It's important. If the brake pedal is depressed even further, what already happens on slippery roads as a result of relatively small brake pedal pressures, a locking of the front and rear wheels and a consequent lack of maneuverability and driving stability can occur. There is no brake booster that can prevent both.

Therefore, braking systems have already been proposed that control the distribution of braking force to the front axle and the rear axle and prevent the wheels from locking whenever the brakes are applied. For this purpose, hydraulic units and brake pressure regulators are used to control the brake force distribution and also for brake slip control, which makes the overall manufacturing effort of the brake system relatively low. can. Although the brake system described above is characterized as particularly simple, it is nevertheless able to optimally distribute the braking force to the front and rear wheels for each brake application. As a result,
By making the adhesion of the front and rear axles uniform and preventing the wheels from locking, the running stability and maneuverability of the vehicle can be maintained even during an emergency stop on an icy road.

However, when reducing the brake pressure at the front axle, the brake pressure generator consists of an open center brake booster combined with a mask cylinder, and a throttle valve directly connected to one of the two brake circuits. In this brake system, the brake pressure changes in the front wheel brakes cannot be made completely uniform. The reason for this is that when inactive, ie when the auxiliary energy source is short-circuited, the brake pedal force continues to act on the mask cylinder circuit rather than on the brake circuit connected to the throttle valve. As a result, a predetermined residual pressure remains within the mask cylinder circuit.

[Object of the invention] The object of the invention is to improve the brake pressure change in the front wheel brake, especially during brake pressure reduction, without requiring any additional components, i.e. to achieve an ideal brake pressure change. On the other hand, the objective is to make the brake pressure changes in the front wheel brakes more consistent. Furthermore, with regard to the operation when a pressure failure occurs in the front wheel brake circuit, it is desired that the operation be controlled in a desired operation mode according to each embodiment and any special requirements.

This objective is achieved by improving a brake system of the type described above, in which two independent hydraulic brake circuits are installed between the brake pressure generator and the front wheel brake. They are interconnected by a hydraulically actuated control element which almost completely compensates for the pressure difference in the brake pressure at the wheel brakes on the two front wheels.

According to the invention, by using one simple additional element, equal brake pressure is applied to both front wheel brakes during all brake applications, i.e. during normal braking and during brake slip control. It means that it can be transmitted.

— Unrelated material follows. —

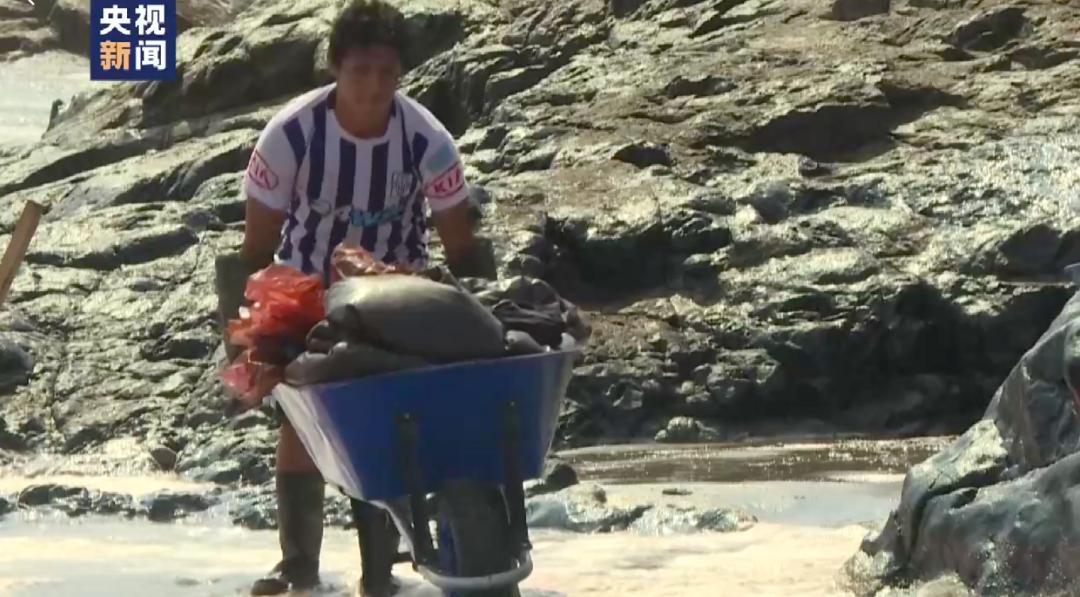●20日,秘鲁政府宣布进入环境紧急状态,缘由是汤加火山喷发掀起的巨浪导致发生石油泄漏事故,污染秘鲁21处海滩。(来源:央视新闻客户端)

It is also possible to deliver the brake pressure completely, which is of primary importance in the case of small friction stops or small braking force coefficients.

Here, a brake pressure generator can be used in brake systems in which it is not possible to fully deliver the brake pressure of both brake circuits by actuation of a valve that reduces the boost. For example, a brake pressure generator It is applicable when the brake pressure generator is constructed as follows: the brake pressure generator consists of an open-center brake booster combined with a single-type mask cylinder and is equipped with a throttle valve. One of the two brake circuits is directly connected to this throttle valve, while a pressure fluid pump is provided as an auxiliary energy source.The discharge side of this pressure fluid pump is temporarily supplied with pressure via the valve. It can be connected to a supply reservoir 1, and this valve can be switched into the open position in order to reduce the boost effect, ie to reduce the auxiliary force transmitted to the brake force generator.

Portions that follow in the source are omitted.